第二天,他再次招呼林涧吃饭。
这次是清蒸鱼。
鱼肉雪白,盖着葱姜蒜,再淋上一层特意调的酱汁,鲜美无比。
果然比昨天清淡了不少。
林涧夹起一块鱼肉,面不改色:“好难吃。”
医生吃得脸都埋在碗里:“嗯嗯嗯,说的对,这鱼刺这么多,让人怎么吃?是不是想卡死我们?”
第三天,医生端出一碗鸡汤。
鸡肉金黄诱人,汤汁浓郁,没放盐,倒是加了不少药材。
清香混着肉香,飘满了整个客厅。
林涧放下碗,终于大发慈悲,给了一个正面评价:“还行。
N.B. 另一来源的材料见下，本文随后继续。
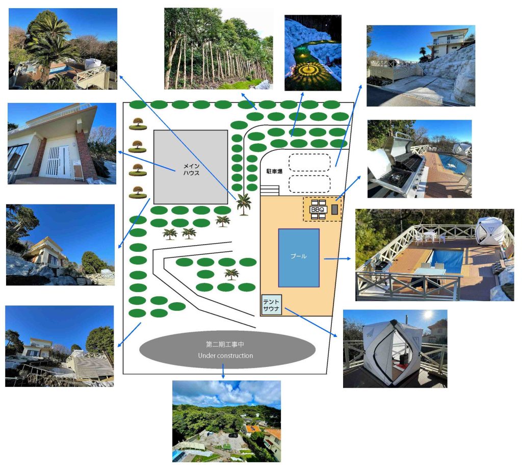 青空にさえる白を基調とした外観、大面積のウッドデッキには、大型プール、本格的BBQグリル、薪ストーブのテントサウナを配し、芝生やココスヤシに囲まれた立体的なステップガーデンもご好評です。
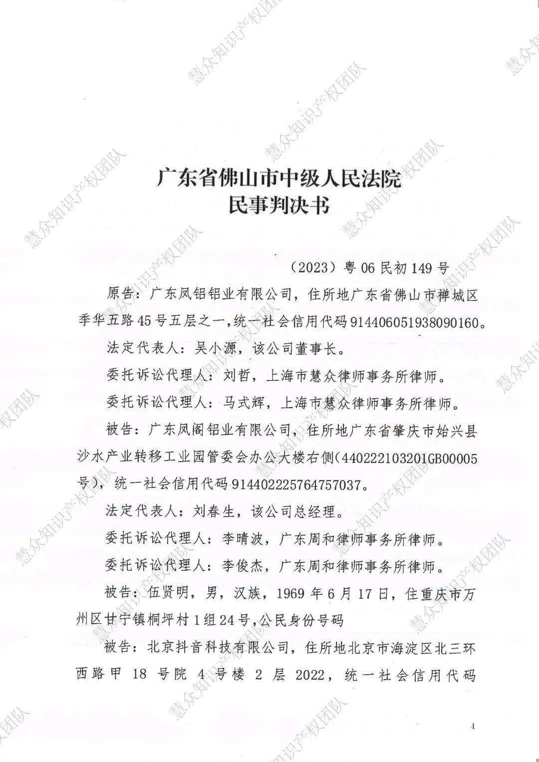 攀枝花判赔800万!辉知队代理“凤铝”商标维权案胜诉
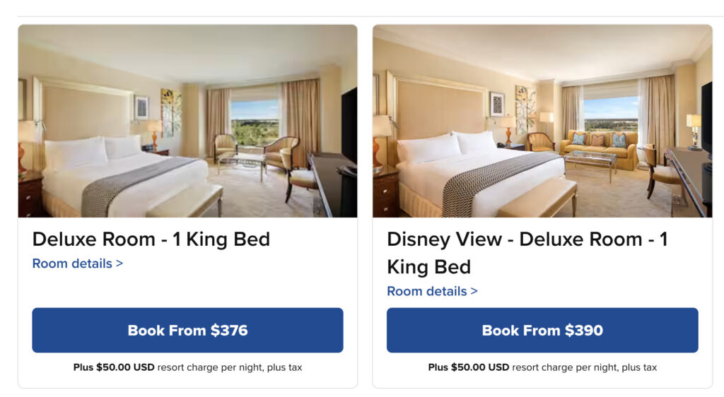 Für die Reservierung werden keine Punkte und keine Gutschrift für Speisen und Getränke gewährt. Die Anzahl der Nächte, die Sie bei uns verbringen, würde sich jedoch erhöhen, um Ihren Diamond Status zu erhalten! Diamond-Upgrades sind eine unserer beliebtesten Möglichkeiten, um treuen Mitgliedern wie Ihnen zu danken! Wenn bei Ihrer Ankunft ein Zimmer verfügbar ist, das eine Stufe über Ihrem Zimmer liegt, würden wir Sie gerne kostenlos upgraden. Wenn Sie genau wissen, welches Zimmer oder welche Suite Sie haben möchten, helfen wir Ihnen gerne bei der Reservierung zu einem vergünstigten Upgrade-Preis vor Ihrer Ankunft! Da Sie ein Deluxe-King-Zimmer gebucht haben, wäre ein Upgrade um eine Stufe eine Verbesserung der Aussicht auf unser Deluxe-King-Zimmer mit Disney View! Wenn Sie dieses Upgrade im Voraus buchen möchten, kostet es $45 pro Nacht!“
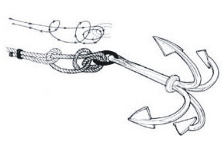 Последний этап – кольцо. К которому привязывается якорный канат. Его я выгнул на надфиле из мягкой медной проволоки. Держать его проблемно, поэтому пошел на хитрость. Кольцо является незамкнутой окружностью. Она разомкнута ровно настолько, сколько нужно, чтобы втиснуть туда кончик веретена. Веретено должно входить плотно, чтобы кольцо держалось без контакта с ним на кончике веретена. Остается окунуть в паяльную кислоту и капнуть на место стыка припой. Затем обтачиваем и якорь практически готов. Чернил также, как и все остальное. Остается привязать канат якорным узлом, как на этой схеме:
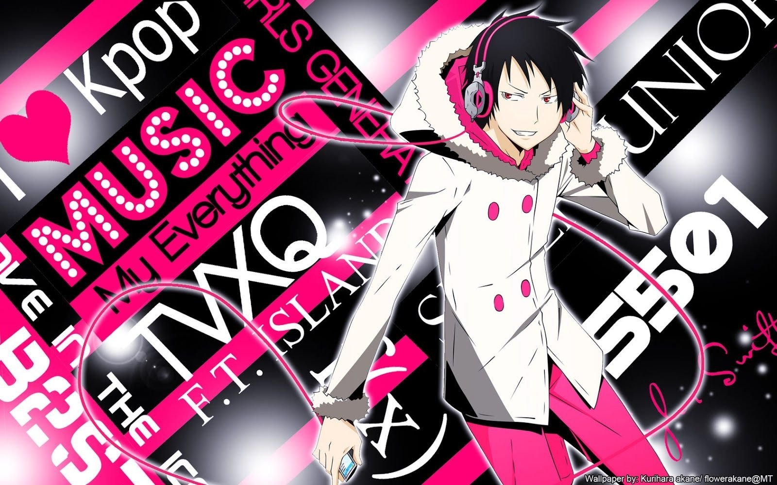 Description: A man in a white coat and headphones with pink hair and headphones on his ears and a pink and black background.
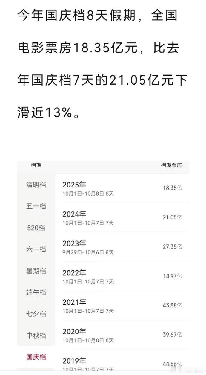 狐厂总结今年的国庆档,比去年下滑13%,退回到十年前的水平 ,这是什么原因?
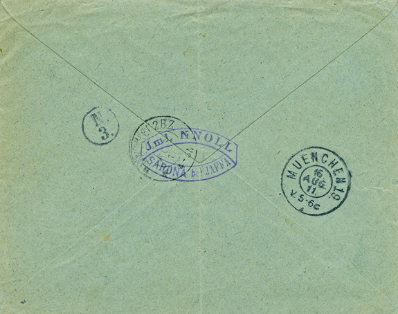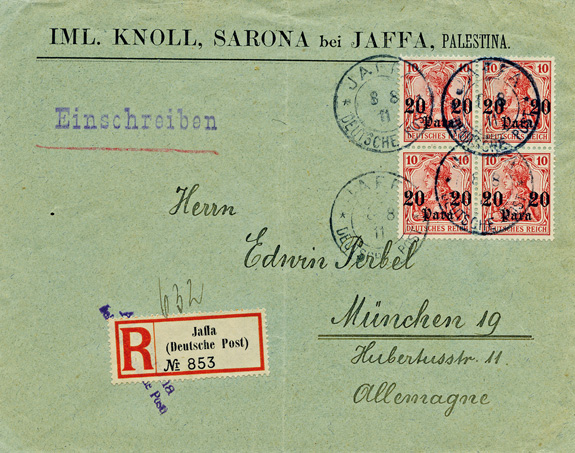 08.08.1911: Viererblock 20 Para (Mi.37b) mit 4x Stempel JAFFA auf Vordruckbrief "IML.KNOLL, SARONA bei JAFFA, PALESTINA" als Einschreiben mit R-Zettel "Jaffa" (Type 7) nach MÜNCHEN (16.8.11, Ankunftsstempel rückseitig); R-Zettel verdeckt teilweise violetten L2 "Aus Sarona / bei Jaffa (Deutsche Post)". Mittelbug.

”
医生斯哈斯哈:“嗯嗯嗯,汤这么烫,是想……嗯?嗯?!还行?!”
林涧颔首:“你点的外卖,厨师手艺不错。”
医生:“????”
窗外,谢岫白单膝曲起,坐在阳台上,一条腿悬在半空,姿态舒展,全然不管自己脚下就是百米高空。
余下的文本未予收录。